EXCERPTED DATA –
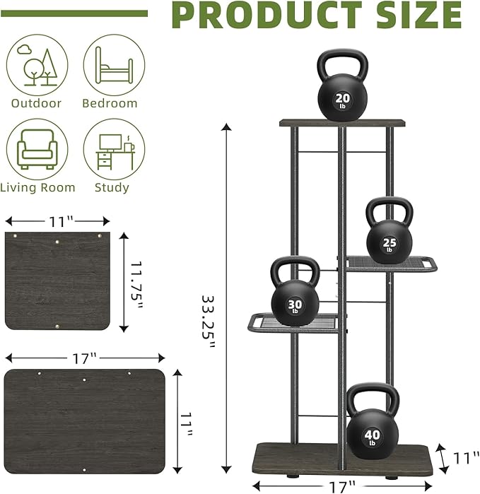 • 2.[Sturdy and Durable】This plant stand adopts a unique 4-tier layered design for even load bearing and not easy to deform, the thickened metal tube can withstand up to 150lbs, and its own feet can protect the floor well.
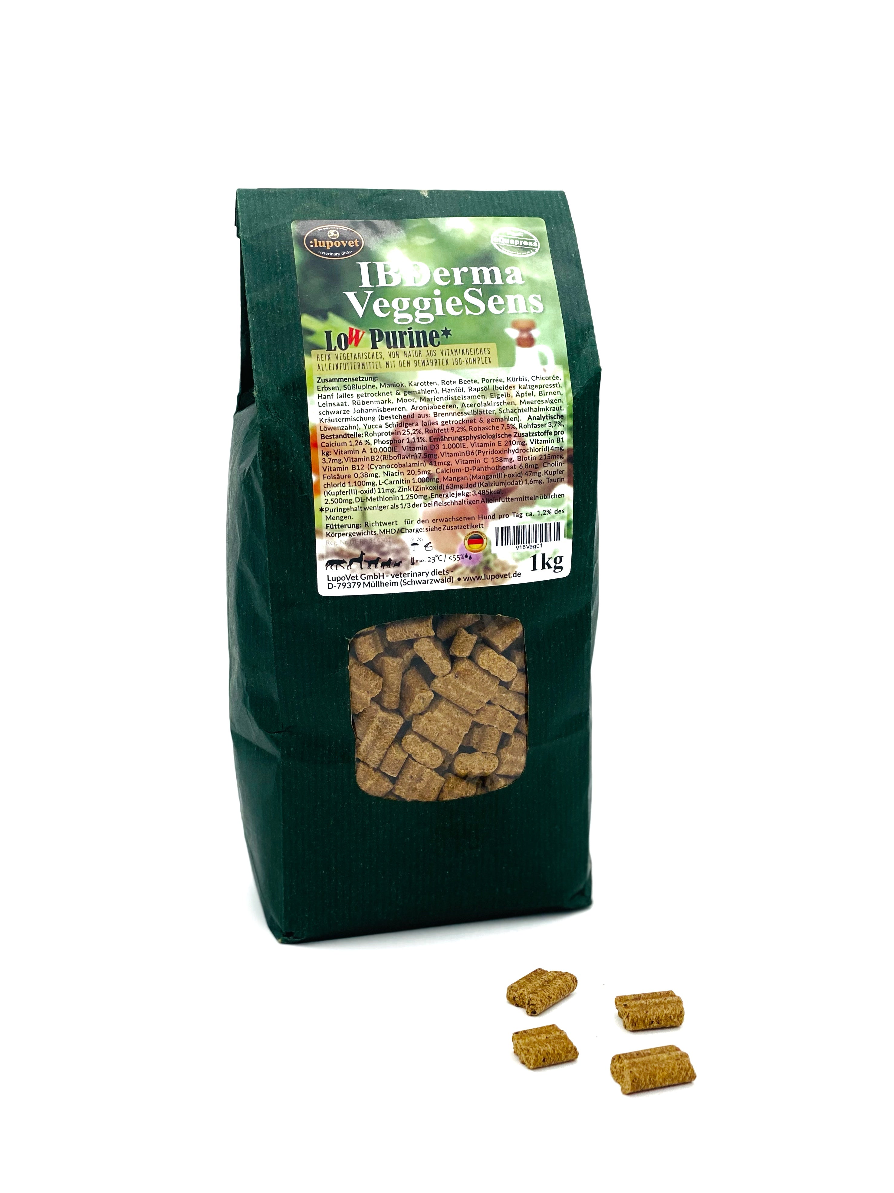 Da Allergien gegen verschiedene Fleisch und Fleischbestandteile häufig vorkommen, ist IBDerma VeggieSens die optimale Lösung für Hunde mit Futtermittelunverträglichkeiten. Durch den niedrigen Puringehalt ist es außerdem besonders bei Dalmatinern und Hunden mit Nierenproblemen empfohlen.
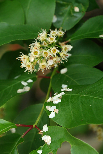 a small tree has sprouted besides the pussy willow. it has white flowers in a cone-like arrangement, with leaves born on red stems. the flowers don't really have any fragrance. i tried identifying the plant online but didn't find a match. it must've been there for a few years at least but i never really paid much attention to it until now.
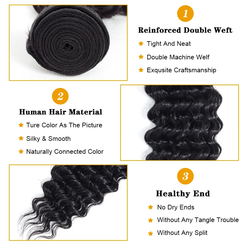Глубокая волна человеческие волосы 3 пряди с кружевом фронтальной у...
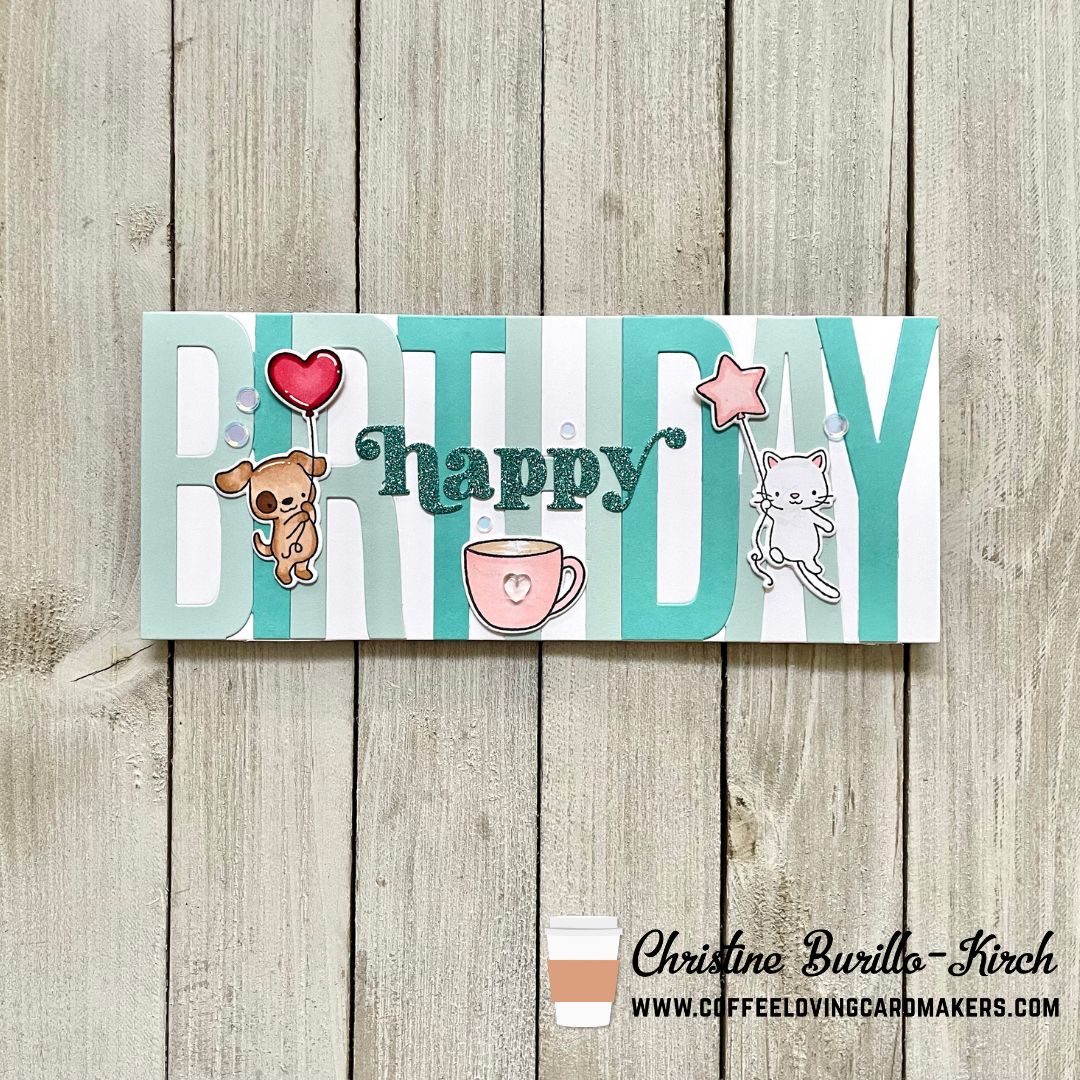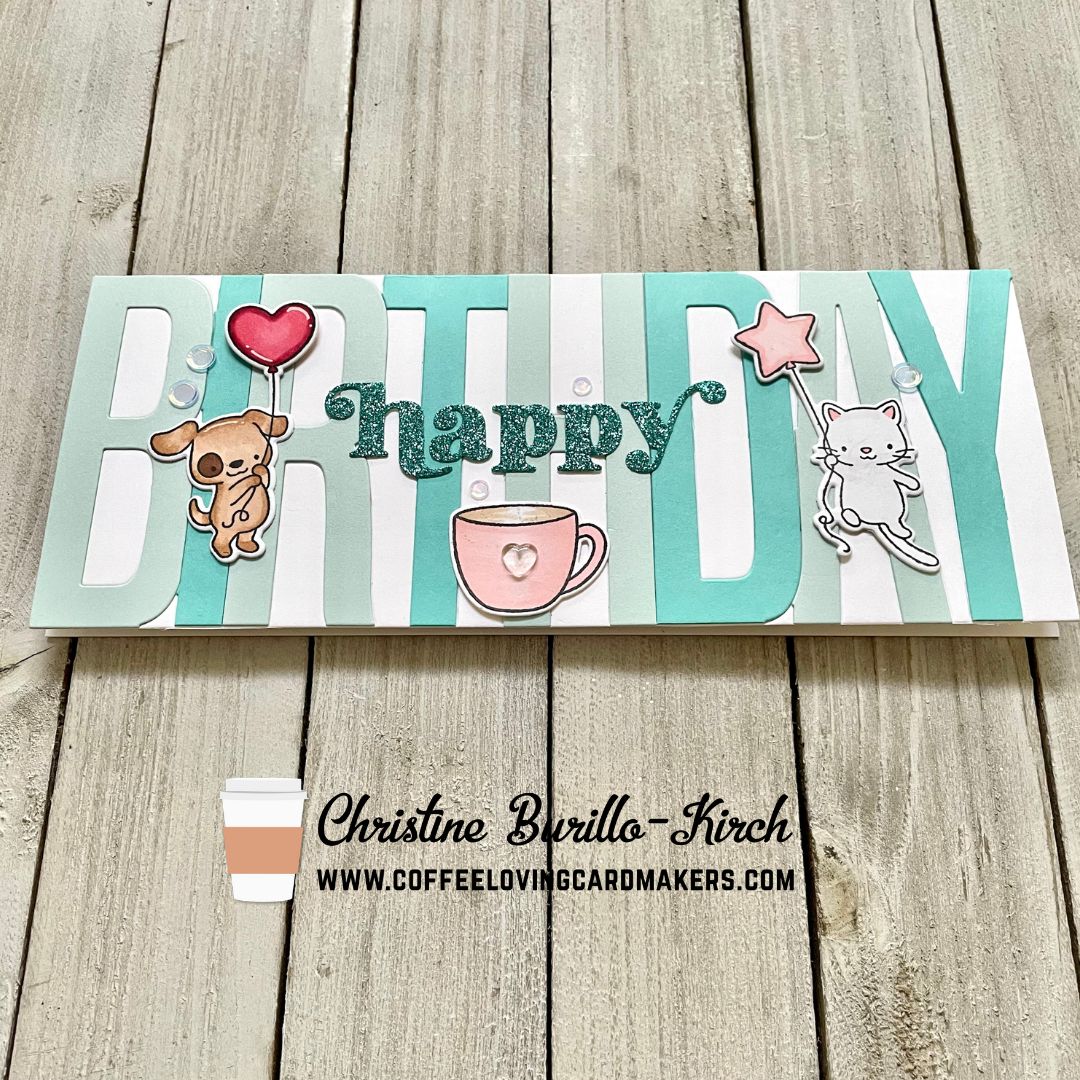 Hello there, Christine here with a birthday coffee card. I recently purchased a Spellbinders large slimline Birthday die set from Super Sponsor Simon Says Stamp and paired it with the Carried Away stamp and die set from Hello Bluebird.

TASK GOAL –
Leave out all pictures and retype precisely the lines that run from the line containing "Da Allergien gegen" to the last line of the records.

ANSWER TO THIS EXERCISE –
 Da Allergien gegen verschiedene Fleisch und Fleischbestandteile häufig vorkommen, ist IBDerma VeggieSens die optimale Lösung für Hunde mit Futtermittelunverträglichkeiten. Durch den niedrigen Puringehalt ist es außerdem besonders bei Dalmatinern und Hunden mit Nierenproblemen empfohlen.
 a small tree has sprouted besides the pussy willow. it has white flowers in a cone-like arrangement, with leaves born on red stems. the flowers don't really have any fragrance. i tried identifying the plant online but didn't find a match. it must've been there for a few years at least but i never really paid much attention to it until now.
Глубокая волна человеческие волосы 3 пряди с кружевом фронтальной у...
 Hello there, Christine here with a birthday coffee card. I recently purchased a Spellbinders large slimline Birthday die set from Super Sponsor Simon Says Stamp and paired it with the Carried Away stamp and die set from Hello Bluebird.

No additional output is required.